Activity
The result should be the lines from the one that contains "Bartovation Fluoride Test" to the final line of the entries below, copied exactly and with no pictures.
---- Data shown
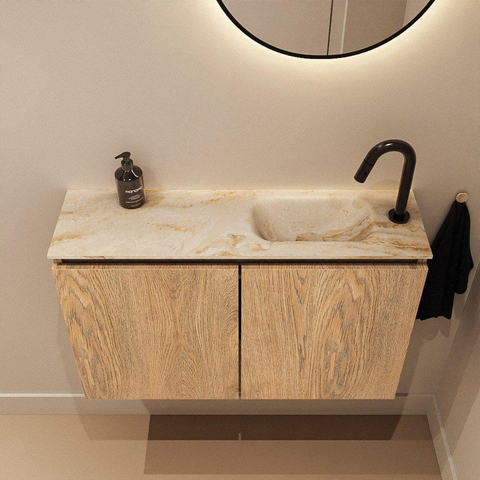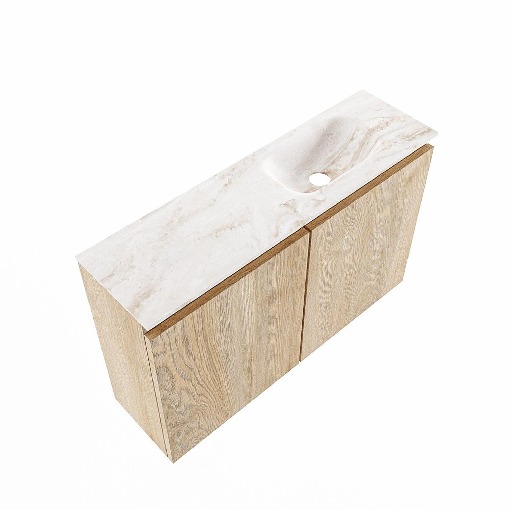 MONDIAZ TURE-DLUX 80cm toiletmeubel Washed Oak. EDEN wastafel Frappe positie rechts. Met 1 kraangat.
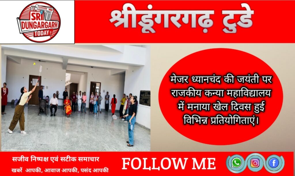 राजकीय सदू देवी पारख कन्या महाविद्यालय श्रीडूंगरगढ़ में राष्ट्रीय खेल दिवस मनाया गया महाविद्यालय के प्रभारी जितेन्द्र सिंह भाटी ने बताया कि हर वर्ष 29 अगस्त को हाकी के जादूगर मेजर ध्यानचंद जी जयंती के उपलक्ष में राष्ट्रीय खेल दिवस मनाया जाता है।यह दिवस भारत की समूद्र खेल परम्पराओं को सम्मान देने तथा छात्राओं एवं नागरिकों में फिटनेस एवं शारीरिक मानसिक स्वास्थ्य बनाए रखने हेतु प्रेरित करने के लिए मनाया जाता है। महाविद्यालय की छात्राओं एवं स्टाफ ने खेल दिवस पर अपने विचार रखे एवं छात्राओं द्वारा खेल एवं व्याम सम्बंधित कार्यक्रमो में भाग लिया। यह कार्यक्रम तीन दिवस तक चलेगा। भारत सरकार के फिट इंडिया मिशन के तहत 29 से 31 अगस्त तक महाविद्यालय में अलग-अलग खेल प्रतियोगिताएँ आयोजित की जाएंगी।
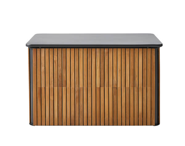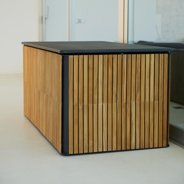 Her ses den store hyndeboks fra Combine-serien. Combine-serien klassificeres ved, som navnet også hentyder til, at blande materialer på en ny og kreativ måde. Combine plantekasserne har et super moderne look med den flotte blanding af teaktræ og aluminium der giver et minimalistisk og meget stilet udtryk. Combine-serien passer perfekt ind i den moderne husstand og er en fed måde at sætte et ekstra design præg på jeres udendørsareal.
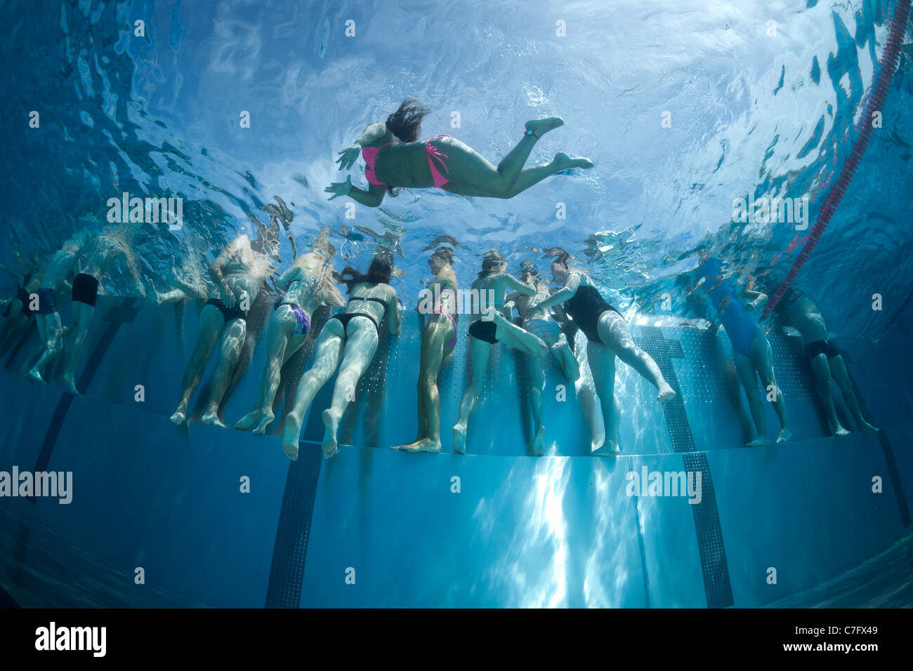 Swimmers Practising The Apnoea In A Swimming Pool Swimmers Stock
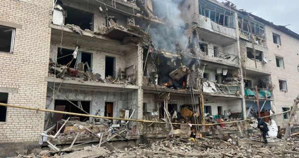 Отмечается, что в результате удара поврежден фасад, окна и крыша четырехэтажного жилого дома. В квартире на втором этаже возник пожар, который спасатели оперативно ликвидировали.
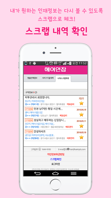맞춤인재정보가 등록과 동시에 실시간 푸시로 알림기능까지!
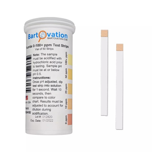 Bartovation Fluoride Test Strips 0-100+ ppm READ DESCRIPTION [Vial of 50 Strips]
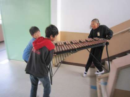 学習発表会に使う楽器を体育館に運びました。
--------
Response
 Bartovation Fluoride Test Strips 0-100+ ppm READ DESCRIPTION [Vial of 50 Strips]
 学習発表会に使う楽器を体育館に運びました。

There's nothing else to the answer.